The answer must be an exact copy of the entries that follow, with all images removed.

Dataset entries
····················

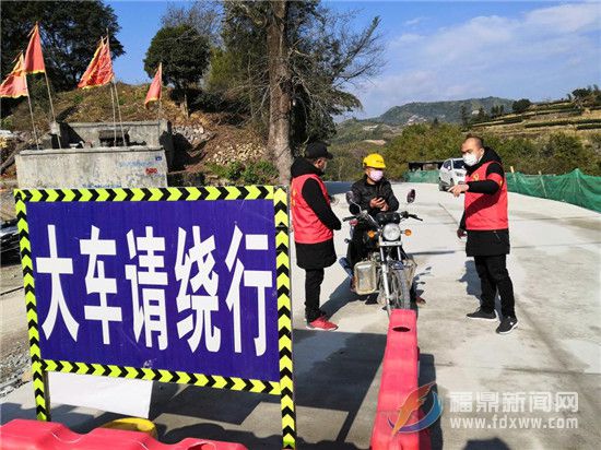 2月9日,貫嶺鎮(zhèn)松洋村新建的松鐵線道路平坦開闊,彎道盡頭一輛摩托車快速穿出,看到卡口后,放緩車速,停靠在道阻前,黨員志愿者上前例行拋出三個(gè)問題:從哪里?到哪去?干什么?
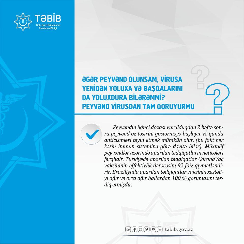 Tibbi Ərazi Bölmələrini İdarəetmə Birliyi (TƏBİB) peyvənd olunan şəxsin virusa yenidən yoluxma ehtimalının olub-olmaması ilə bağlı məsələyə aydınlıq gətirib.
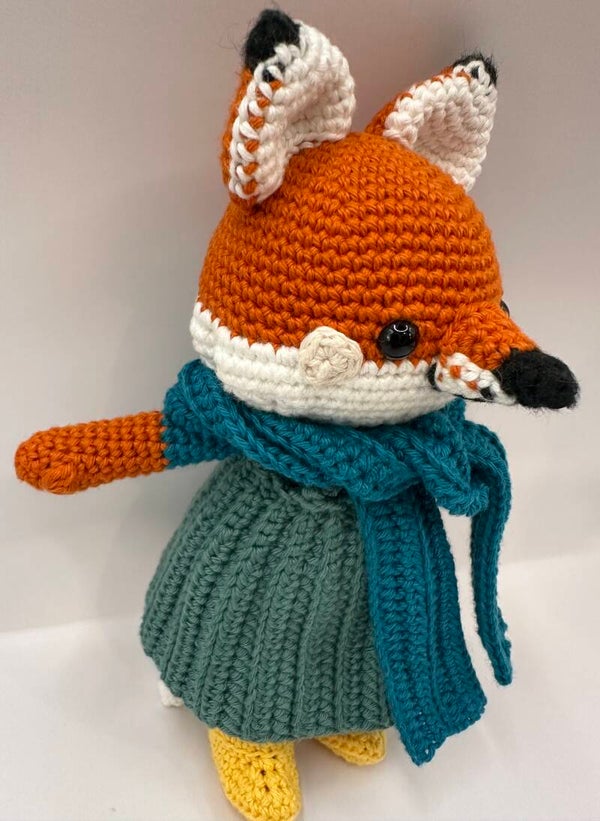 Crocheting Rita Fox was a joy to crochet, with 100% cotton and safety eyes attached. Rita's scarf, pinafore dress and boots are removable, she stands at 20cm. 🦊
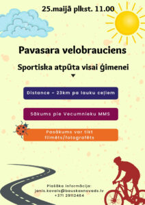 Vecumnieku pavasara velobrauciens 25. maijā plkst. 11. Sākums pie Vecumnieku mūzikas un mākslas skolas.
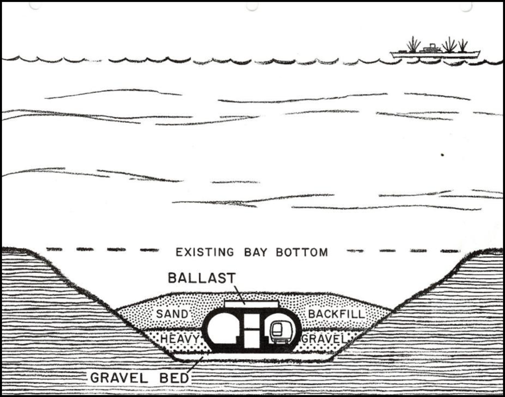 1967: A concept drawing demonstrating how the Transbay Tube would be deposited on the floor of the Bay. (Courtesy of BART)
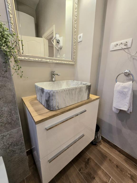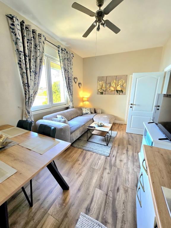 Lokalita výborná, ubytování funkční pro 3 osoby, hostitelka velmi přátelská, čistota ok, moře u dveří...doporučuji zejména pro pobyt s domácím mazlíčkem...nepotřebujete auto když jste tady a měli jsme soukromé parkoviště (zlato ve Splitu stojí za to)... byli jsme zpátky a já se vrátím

····················

**ANSWER BELOW**
 2月9日,貫嶺鎮(zhèn)松洋村新建的松鐵線道路平坦開闊,彎道盡頭一輛摩托車快速穿出,看到卡口后,放緩車速,停靠在道阻前,黨員志愿者上前例行拋出三個(gè)問題:從哪里?到哪去?干什么?
 Tibbi Ərazi Bölmələrini İdarəetmə Birliyi (TƏBİB) peyvənd olunan şəxsin virusa yenidən yoluxma ehtimalının olub-olmaması ilə bağlı məsələyə aydınlıq gətirib.
 Crocheting Rita Fox was a joy to crochet, with 100% cotton and safety eyes attached. Rita's scarf, pinafore dress and boots are removable, she stands at 20cm. 🦊
 Vecumnieku pavasara velobrauciens 25. maijā plkst. 11. Sākums pie Vecumnieku mūzikas un mākslas skolas.
 1967: A concept drawing demonstrating how the Transbay Tube would be deposited on the floor of the Bay. (Courtesy of BART)
 Lokalita výborná, ubytování funkční pro 3 osoby, hostitelka velmi přátelská, čistota ok, moře u dveří...doporučuji zejména pro pobyt s domácím mazlíčkem...nepotřebujete auto když jste tady a měli jsme soukromé parkoviště (zlato ve Splitu stojí za to)... byli jsme zpátky a já se vrátím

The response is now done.